WORK TASK — Go through the listing below and write out exactly the lines from the one that mentions "Reliability | Best For |" through the one that mentions "подарок российский пропагандист.", minus the pictures.

GIVEN DATA —
====

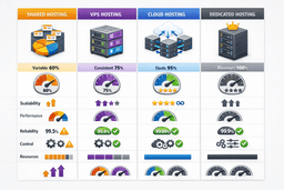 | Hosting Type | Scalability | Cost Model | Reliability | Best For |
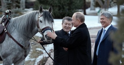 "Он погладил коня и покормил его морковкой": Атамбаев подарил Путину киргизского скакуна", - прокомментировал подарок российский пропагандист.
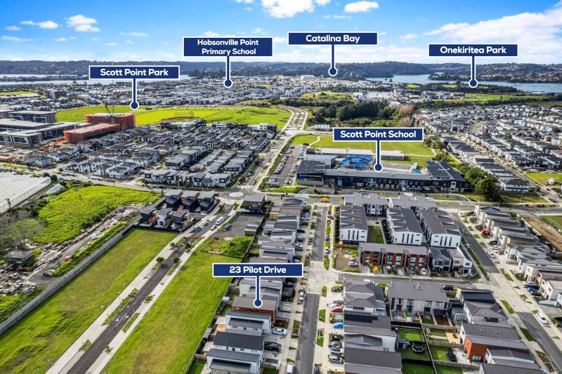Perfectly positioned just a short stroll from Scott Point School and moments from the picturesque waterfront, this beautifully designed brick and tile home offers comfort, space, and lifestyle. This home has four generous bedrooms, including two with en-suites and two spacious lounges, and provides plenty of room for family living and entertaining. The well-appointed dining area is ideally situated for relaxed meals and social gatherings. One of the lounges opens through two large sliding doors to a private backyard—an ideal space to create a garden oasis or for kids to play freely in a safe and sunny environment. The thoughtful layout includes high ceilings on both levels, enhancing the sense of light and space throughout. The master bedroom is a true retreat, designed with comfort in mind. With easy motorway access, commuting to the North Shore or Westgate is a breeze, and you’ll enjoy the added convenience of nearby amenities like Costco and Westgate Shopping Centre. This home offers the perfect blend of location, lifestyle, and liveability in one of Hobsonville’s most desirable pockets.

====

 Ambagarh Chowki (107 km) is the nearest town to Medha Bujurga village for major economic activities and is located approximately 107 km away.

====

WRITTEN ANSWER —
 | Hosting Type | Scalability | Cost Model | Reliability | Best For |
 "Он погладил коня и покормил его морковкой": Атамбаев подарил Путину киргизского скакуна", - прокомментировал подарок российский пропагандист.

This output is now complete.